### ENTRIES SHOWN

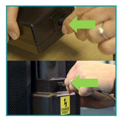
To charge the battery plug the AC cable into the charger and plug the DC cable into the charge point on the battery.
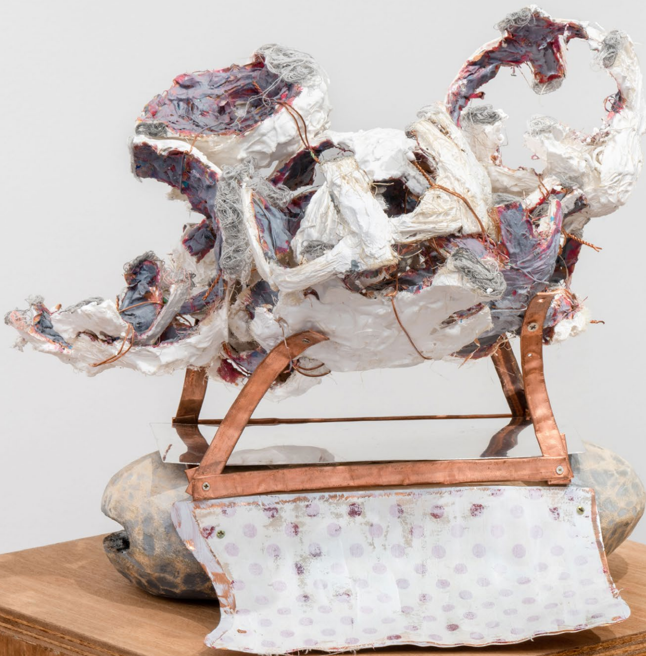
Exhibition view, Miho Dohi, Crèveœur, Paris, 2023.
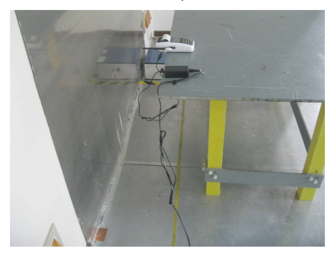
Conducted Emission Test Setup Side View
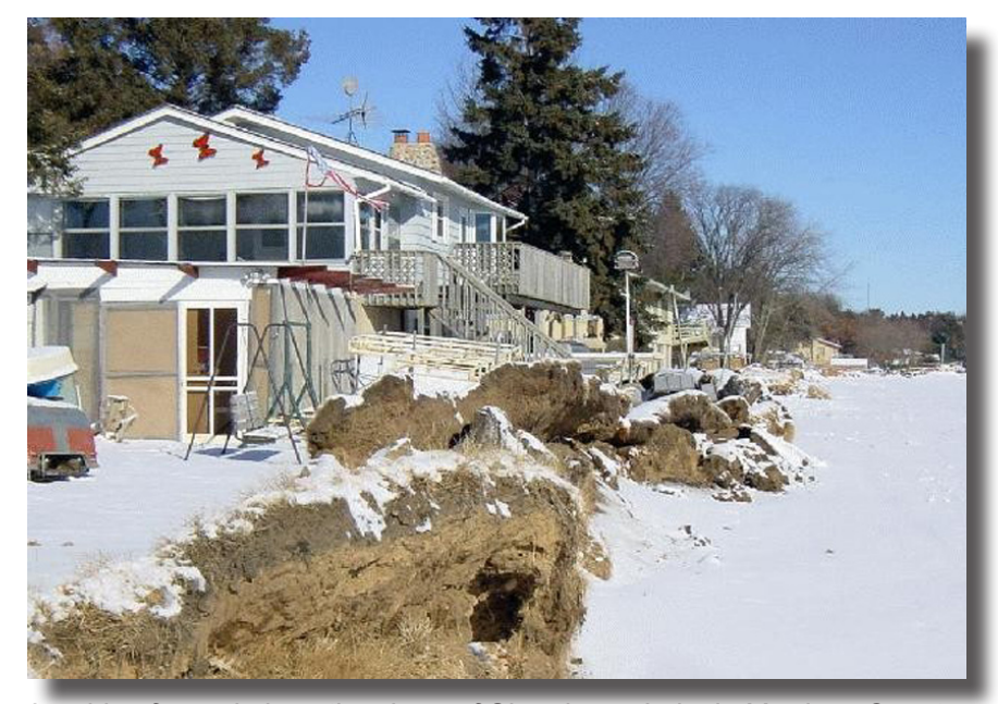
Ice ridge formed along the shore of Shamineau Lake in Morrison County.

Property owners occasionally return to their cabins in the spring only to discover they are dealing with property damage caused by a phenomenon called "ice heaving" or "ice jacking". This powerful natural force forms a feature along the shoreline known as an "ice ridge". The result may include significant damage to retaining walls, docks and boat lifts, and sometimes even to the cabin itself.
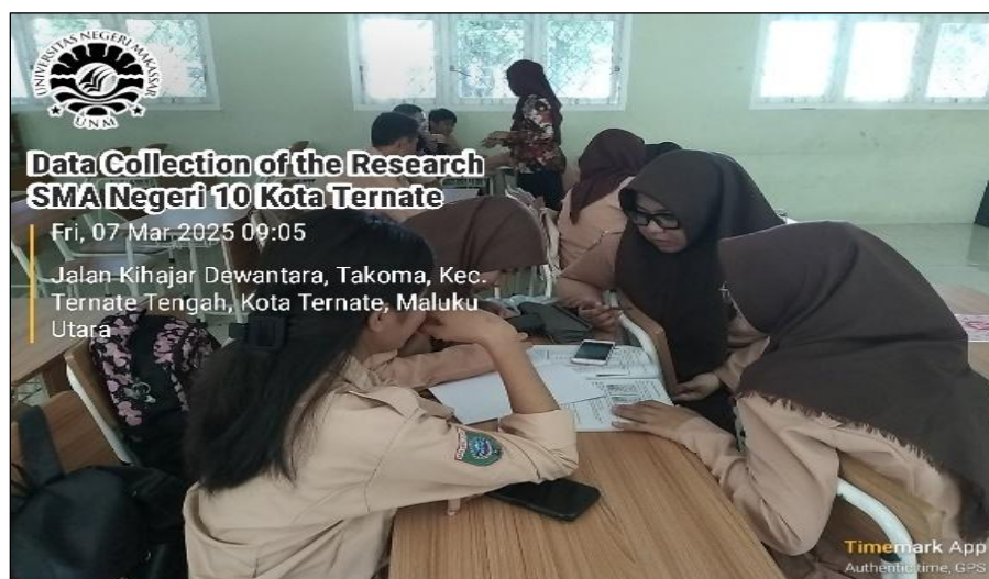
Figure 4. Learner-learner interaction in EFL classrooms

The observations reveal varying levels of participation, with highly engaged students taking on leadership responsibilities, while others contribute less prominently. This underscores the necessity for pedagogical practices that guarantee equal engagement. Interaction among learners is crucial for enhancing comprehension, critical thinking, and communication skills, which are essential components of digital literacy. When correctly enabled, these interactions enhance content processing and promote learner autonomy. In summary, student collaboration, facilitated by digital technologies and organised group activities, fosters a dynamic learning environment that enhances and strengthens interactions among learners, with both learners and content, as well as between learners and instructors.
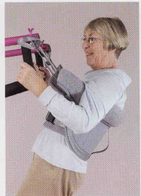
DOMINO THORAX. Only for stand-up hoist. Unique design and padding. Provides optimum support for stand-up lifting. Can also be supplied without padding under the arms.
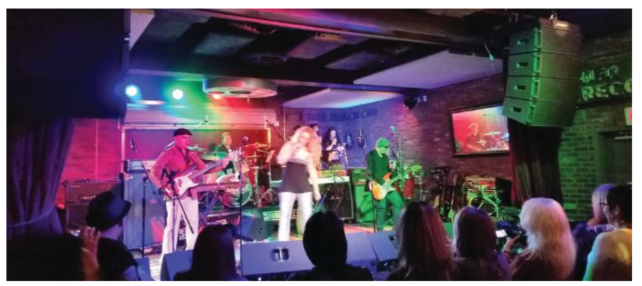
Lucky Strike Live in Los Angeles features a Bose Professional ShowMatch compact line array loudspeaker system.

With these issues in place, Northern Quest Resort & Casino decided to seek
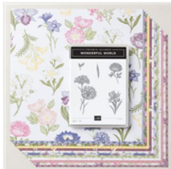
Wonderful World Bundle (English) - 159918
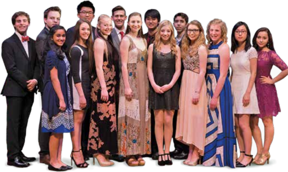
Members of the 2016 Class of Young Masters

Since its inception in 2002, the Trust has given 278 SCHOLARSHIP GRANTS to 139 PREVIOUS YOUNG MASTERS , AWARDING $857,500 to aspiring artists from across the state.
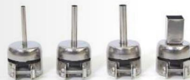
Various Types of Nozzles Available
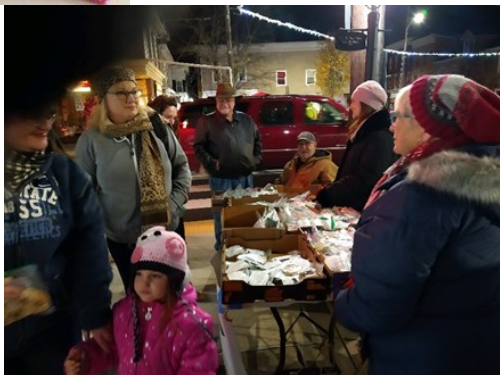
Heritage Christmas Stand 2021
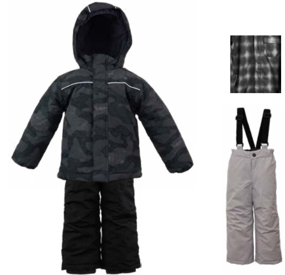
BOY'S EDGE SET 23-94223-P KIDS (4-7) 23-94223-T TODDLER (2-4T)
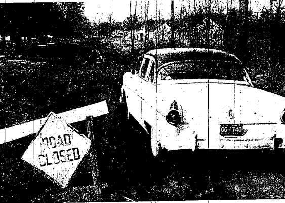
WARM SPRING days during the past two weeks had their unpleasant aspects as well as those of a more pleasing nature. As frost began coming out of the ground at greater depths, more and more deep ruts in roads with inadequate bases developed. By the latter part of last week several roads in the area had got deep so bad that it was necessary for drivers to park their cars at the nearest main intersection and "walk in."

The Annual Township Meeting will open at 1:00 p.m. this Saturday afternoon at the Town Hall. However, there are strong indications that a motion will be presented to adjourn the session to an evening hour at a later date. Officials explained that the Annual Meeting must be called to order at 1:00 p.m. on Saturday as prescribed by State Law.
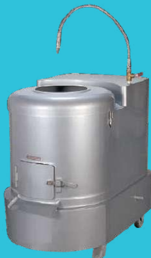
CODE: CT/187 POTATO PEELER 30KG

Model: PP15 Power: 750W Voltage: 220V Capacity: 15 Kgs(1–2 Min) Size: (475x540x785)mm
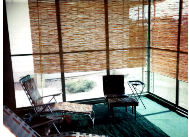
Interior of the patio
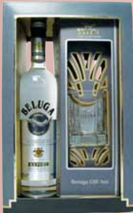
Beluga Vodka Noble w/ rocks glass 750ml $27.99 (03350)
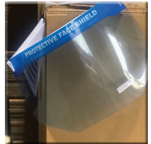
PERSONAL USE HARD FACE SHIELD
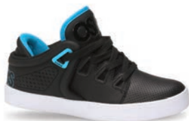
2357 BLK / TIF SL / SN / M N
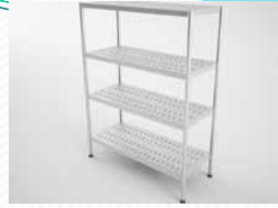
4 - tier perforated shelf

######

◆ EXERCISE REQUIREMENTS: Each line in the data where the string "ridge" occurs should be identified and copied.

◆ ANSWER TO THIS EXERCISE:
Ice ridge formed along the shore of Shamineau Lake in Morrison County.
Property owners occasionally return to their cabins in the spring only to discover they are dealing with property damage caused by a phenomenon called "ice heaving" or "ice jacking". This powerful natural force forms a feature along the shoreline known as an "ice ridge". The result may include significant damage to retaining walls, docks and boat lifts, and sometimes even to the cabin itself.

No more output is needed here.